▸ Action item
In the records below, find the line containing "Художник Б. А." and the line containing "మల్లేశ్వరస్వామికి పూజలు చేస్తున్న అర్చకులు". Give again exactly those lines and every line between them, omitting the pictures.

Records excerpted from a collection
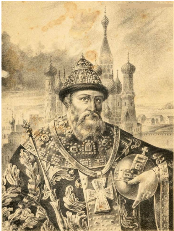
Царь Иванъ Васильевичъ Грозный Съ портрета имъющатася въ Кунсткамеръ Академіи Наукъ.

Художник Б. А. Зеленский из труда Висковатова А. В. «Историческое описание одежды и вооружения российских войск».
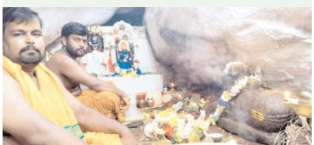
మల్లేశ్వరస్వామికి పూజలు చేస్తున్న అర్చకులు

హాళగుండ, మేజర్ న్యూస్ : హాళగుండ మండలం దేవరగట్టు మాళమల్లేశ్వర స్వామికి ఆదివారం భక్తులు విశేషంగా పూజలు చేశారు. ఉదయాన్నే ఆలయ అర్చకులు స్వామి వారికి రుద్రాభిషేకం, బిల్వార్చన, పుష్పార్చన, మహామంగళారతి పూజలు చేశారు. మాళమల్లేశ్వర దేవికి కుంకుమ,బండారు అర్చన పూజలు చేశారు. భక్తులు మండలం నుండి కాకుండా కర్ణాటక ప్రాంతాల నుండి వచ్చారు. స్వామి వారికి అమ్మ వారికి ప్రత్యేకంగా పజలు చేయించారు. ధైవదర్శనం చేసుకున్నారు. మోక్కుబడులు తీర్చుకున్నారు. పచ్చిన భక్తులకు అర్చకులు తీర్థప్రసాదాలు అందించారు. దేవాలయంలో భక్తుల సందడి నెలకొంది.
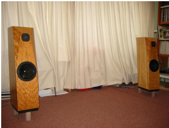
De Avalon Arcus

▸ Written answer
Художник Б. А. Зеленский из труда Висковатова А. В. «Историческое описание одежды и вооружения российских войск».
మల్లేశ్వరస్వామికి పూజలు చేస్తున్న అర్చకులు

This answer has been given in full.